Sprouted Onion, viewed through Macro lens hand-held in front of camera lens. Narrow depth-of-field combined with slight chromatic aberration and vignetting combine to give a "watery" feel.
Chamomile Flower. Macro lens hand-held in front of camera lens gives extremely tight depth-of-field and a natural softness, giving full attention to the flower.
African Violets, with chromatic aberration. Shot with a +10 diopter spherical macro lens hand-held in front of telephoto lens. The extreme curvature of the macro lens introduces chromatic aberration, where light of different wavelengths focuses to different focal lengths, causing the haloing of the purples. In addition, a prismatic effect causes the blue fringing at the petal edges. A red fringing is also present, but is harder to discern against the purple petals.

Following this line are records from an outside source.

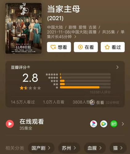 前段时间,《当家主母》陷入疑似“虐猫”的争议中,但剧组并没有及时给到拍摄时的花絮素材,等到争议愈演愈烈之后发出了白猫与主人的视频,并送上了“一纸声明”。迟到的声明以及尚不足以验证是同一只白猫的证明,瞬间点燃了诸多爱猫人士的怒火,纷纷涌入豆瓣打一星,截至当前,《当家主母》评分已从开分的5.2降至2.8,一星占比高达78.5%,“猫”、“血腥”成了这部剧的关联词。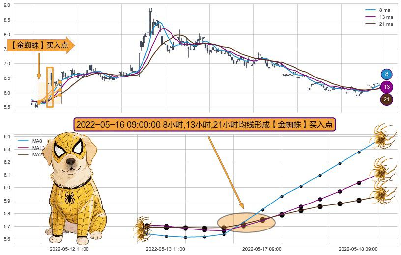 ⚀ 2022-05-16 09:00:00小时显现 8小时-13小时-21小时均线 【金蜘蛛】买入点 看多信号,后市看涨,买入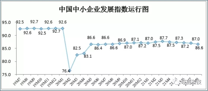 据中小企业协会最新发布的数据显示,8月我国中小企业发展指数为86.6,与去年同期持平,但比7月下降0.4点,已经连续5个月回落。这表明中小企业恢复速度有放缓趋势,而随着原材料价格波动,劳动力成本的增加,中小企业成本不断攀高,叠加融资难融资贵问题,让整个供应链上中小企业发展面临更大风险。
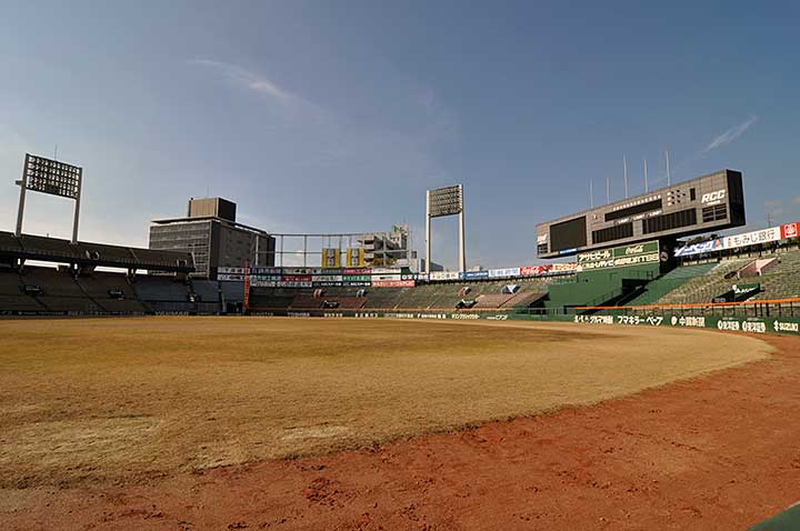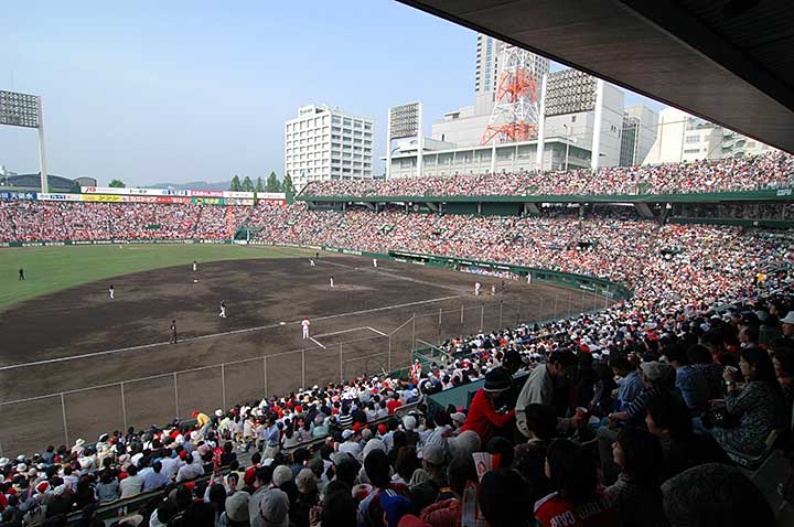 広島東洋カープ(*1)は創設以来本拠地を市街地の南端にある広島総合球場(現広島県総合グラウンド)に置いていたが、交通の便が悪くナイター設備も無いことから都心へ移転させることになり、財界からの寄付等によりこの位置に建設された。第1期工事は着工からわずか5ヶ月で竣工という突貫作業だった。その後、この球場でカープは1970年~80年代に黄金期を迎えることになる。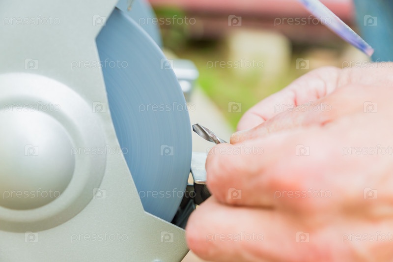 Крупный план промышленного рабочего, затачивающего сверло с помощью точильного станка с абразивным диском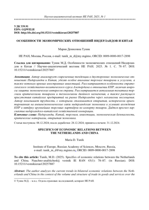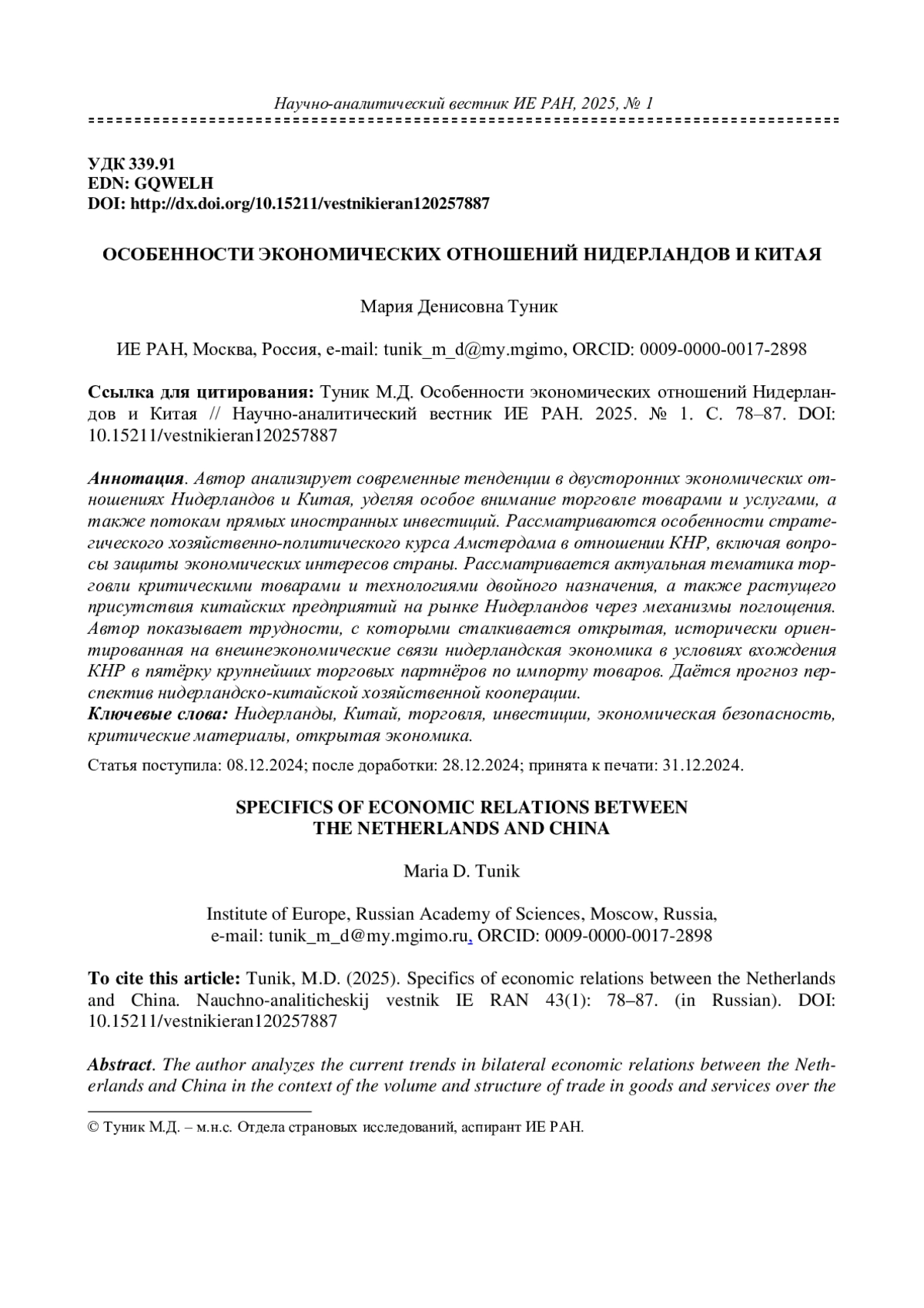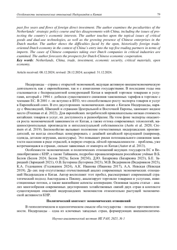 Автор анализирует современные тенденции в двусторонних экономических отношениях Нидерландов и Китая, уделяя особое внимание торговле товарами и услугами, а также потокам прямых иностранных инвестиций. Рассматриваются особенности стратегического хозяйственно-политического курса Амстердама в отношении КНР, включая вопросы защиты экономических интересов страны. Рассматривается актуальная тематика торговли критическими товарами и технологиями двойного назначения, а также растущего присутствия китайских предприятий на рынке Нидерландов через механизмы поглощения. Автор показывает трудности, с которыми сталкивается открытая, исторически ориентированная на внешнеэкономические связи нидерландская экономика в условиях вхождения КНР в пятёрку крупнейших торговых партнёров по импорту товаров. Даётся прогноз перспектив нидерландско-китайской хозяйственной кооперации

All photos by Christopher Sanborn. All are are through-the-lens images; no photoshopping or retouching. Shot with Nikon D7000 camera body with Nikon DX Nikkor 18-105mm telephoto lens. Photos licensed under Creative Commons: Attribution. Free to use, but please attribute to original author (me).
Try shooting with your main camera lens reversed, so that the back element is facing your subject. You can do this with two hands but they also make special reversal rings for this purpose. Looking on ebay you can get them cheap, under $10. Most of my macros were taken with reversed 35mm and 50mm lenses. The less focal length, the higher the magnification. If you don't have one already, look into getting a 50mm f1.8 lens. They are very affordable, can make decent reversed macro lenses, and on the DX format are good portrait lenses as well.
Wow that's a really fascinating idea. I'd never heard of doing that before. Thanks for the tip!